One day he got into a boat with his disciples, and he said to them, “Let us go across to the other side of the lake.” So they set out, and as they sailed he fell asleep. And a windstorm came down on the lake, and they were filling with water and were in danger. And they went and woke him, saying, “Master, Master, we are perishing!” And he awoke and rebuked the wind and the raging waves, and they ceased, and there was a calm. He said to them, “Where is your faith?” And they were afraid, and they marveled, saying to one another, “Who then is this, that he commands even winds and water, and they obey him?”
“Where is your faith?” is how Jesus answered. He was not running away from God and trusting his desire for comfort, as Jonah was. He was trusting God, and teaching his disciples to trust in God. Jesus teaches us that it is not Jonah’s action as much as it is the heart behind the action. Such is the case with sin, it can make good things like sleep and comfort into God things that we worship. Which leads me to my next point.
Then the mariners were afraid and each cried out to his god. The mariners that were on this ship each had something they worshiped. When hardship came they turned to that thing. But in the next verse the captain hollered at Jonah showing just how much they relied on the things they worshiped.
So the captain came and said to him, “What do you mean, you sleeper? Arise, call out to your god! Perhaps the god will give a thought to us, that we may not perish.”
He said, one thing we know won’t save us is you just laying around. Wake up and call to the one you worship, maybe he’ll save us. And you can get a glimpse in this, of just how flimsy human faith can be. Of why Jesus so often admonishes his disciples for having little faith. We tend to only rely on that which makes us feel good, or comfortable, until we need someone to save us, and if it isn’t the god that I am praying to, then maybe your god will save us, and if he does, I will worship him. There is no real allegiance. There is no real faith. There is only self preservation. But as our faith leads us to Jesus, instead of our fears leading us to ourself, he tells us time and again that that faith saves us. We want God to make us feel good and safe. We want Yahweh as long as he can manage to keep our lives easy and comfortable. We want to make Yahweh our assistant. And a God that created everything, the earth, the animals, the people, and sustains it all with a word of his mouth, is not a being we make a genie in a bottle. No, he is the one that shapes us into his image, we do not get to shape him into ours. We want a personal assistant, But he wants so much more.

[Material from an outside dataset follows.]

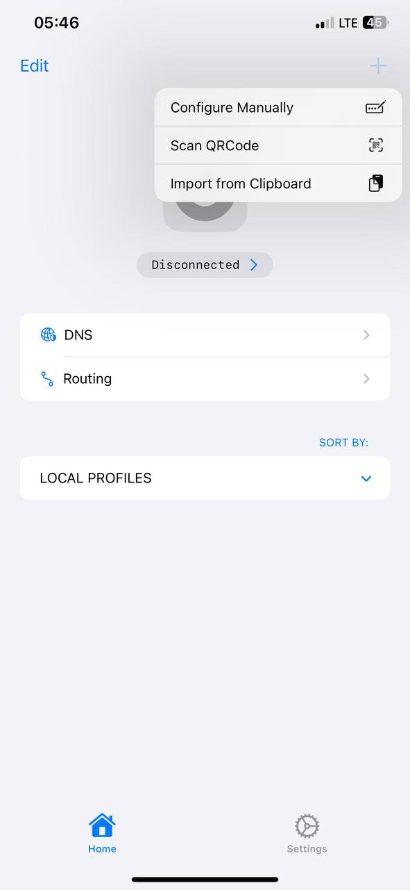 3.وارد برنامه شوید، "+" را انتخاب کنید و مطابق تصویر از منوی نمایان شده "Configure Manually" را انتخاب کنید.

I will give them a heart to know that I am the Lord, and they shall be my people and I will be their God, for they shall return to me with their whole heart.
That is what he wants from us. And that is what we see displayed by Jesus as he sleeps through a storm, knowing that the God who is behind the power displayed in this storm loves me and is for me, even when it doesn’t feel like it gives us a peace that allows us to rest in a storm. Jonah on the other hand, just like all the other mariners on board the boat is displaying the god he really worships as he sleeps, his comfort. We turn to what we worship. What are you turning to?